* How to complete this task: Repeat the listing below line by line, exactly, leaving its pictures behind.

* Data excerpt:
────────────────────

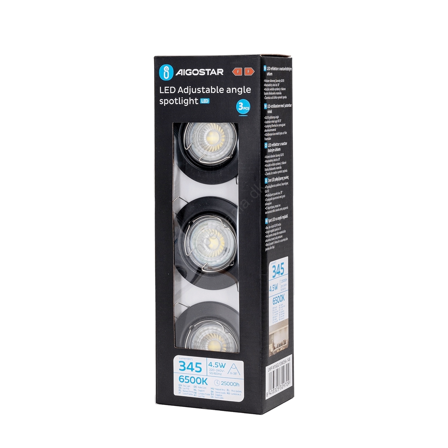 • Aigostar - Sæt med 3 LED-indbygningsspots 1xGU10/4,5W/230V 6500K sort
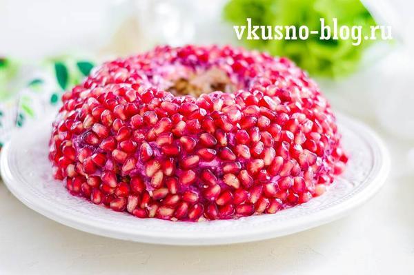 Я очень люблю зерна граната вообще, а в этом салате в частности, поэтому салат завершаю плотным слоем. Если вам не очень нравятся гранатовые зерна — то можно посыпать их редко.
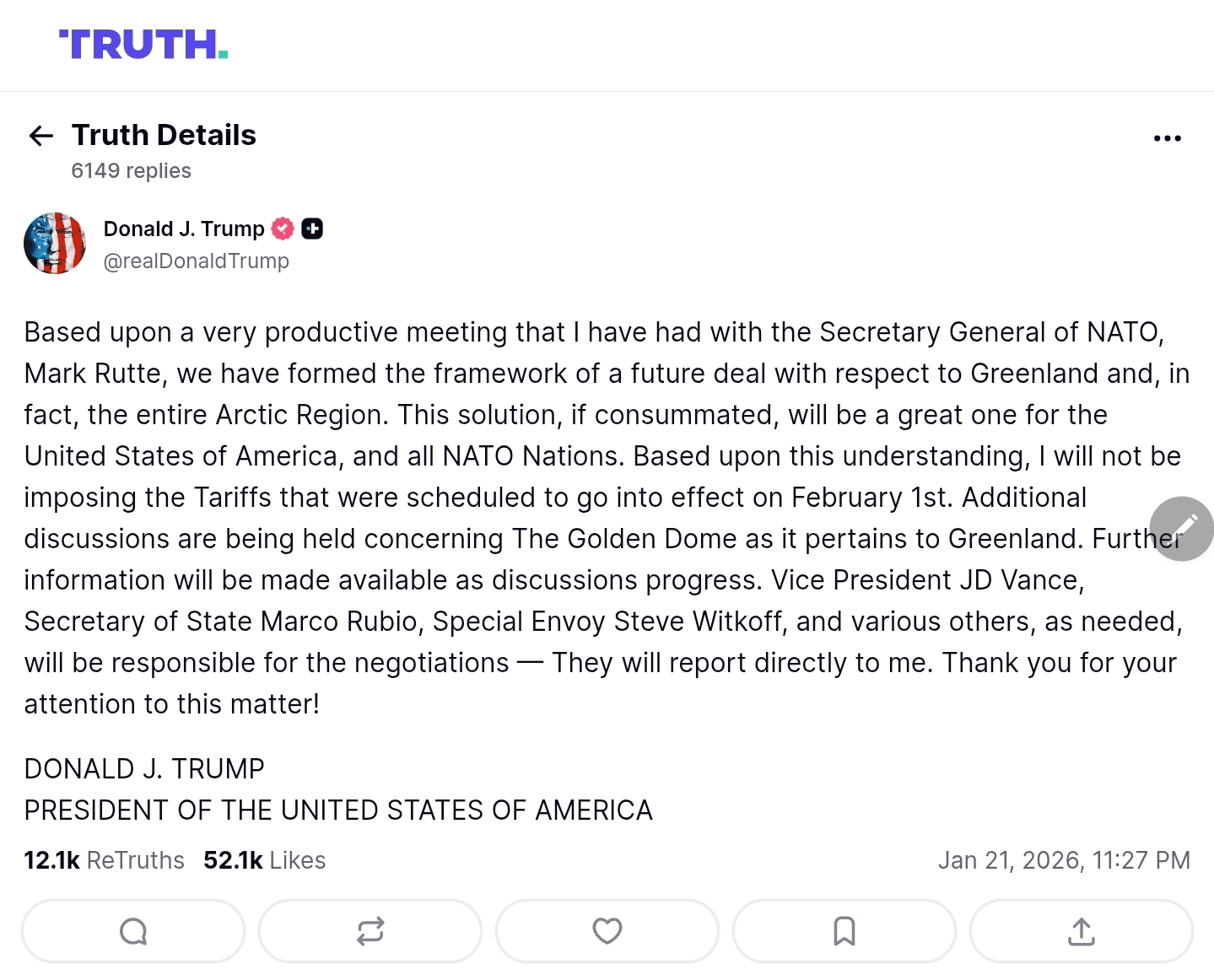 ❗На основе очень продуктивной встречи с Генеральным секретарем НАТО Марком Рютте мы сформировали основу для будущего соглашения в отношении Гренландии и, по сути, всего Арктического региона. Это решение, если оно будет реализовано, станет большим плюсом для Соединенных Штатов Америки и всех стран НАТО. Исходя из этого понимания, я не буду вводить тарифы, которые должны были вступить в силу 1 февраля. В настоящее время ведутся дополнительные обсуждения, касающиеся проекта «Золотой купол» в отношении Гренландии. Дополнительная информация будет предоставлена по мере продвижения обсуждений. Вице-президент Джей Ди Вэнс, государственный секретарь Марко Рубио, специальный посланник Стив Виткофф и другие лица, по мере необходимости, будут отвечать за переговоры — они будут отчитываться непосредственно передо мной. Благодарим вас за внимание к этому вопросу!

────────────────────

* Answer to this task:
 • Aigostar - Sæt med 3 LED-indbygningsspots 1xGU10/4,5W/230V 6500K sort
 Я очень люблю зерна граната вообще, а в этом салате в частности, поэтому салат завершаю плотным слоем. Если вам не очень нравятся гранатовые зерна — то можно посыпать их редко.
 ❗На основе очень продуктивной встречи с Генеральным секретарем НАТО Марком Рютте мы сформировали основу для будущего соглашения в отношении Гренландии и, по сути, всего Арктического региона. Это решение, если оно будет реализовано, станет большим плюсом для Соединенных Штатов Америки и всех стран НАТО. Исходя из этого понимания, я не буду вводить тарифы, которые должны были вступить в силу 1 февраля. В настоящее время ведутся дополнительные обсуждения, касающиеся проекта «Золотой купол» в отношении Гренландии. Дополнительная информация будет предоставлена по мере продвижения обсуждений. Вице-президент Джей Ди Вэнс, государственный секретарь Марко Рубио, специальный посланник Стив Виткофф и другие лица, по мере необходимости, будут отвечать за переговоры — они будут отчитываться непосредственно передо мной. Благодарим вас за внимание к этому вопросу!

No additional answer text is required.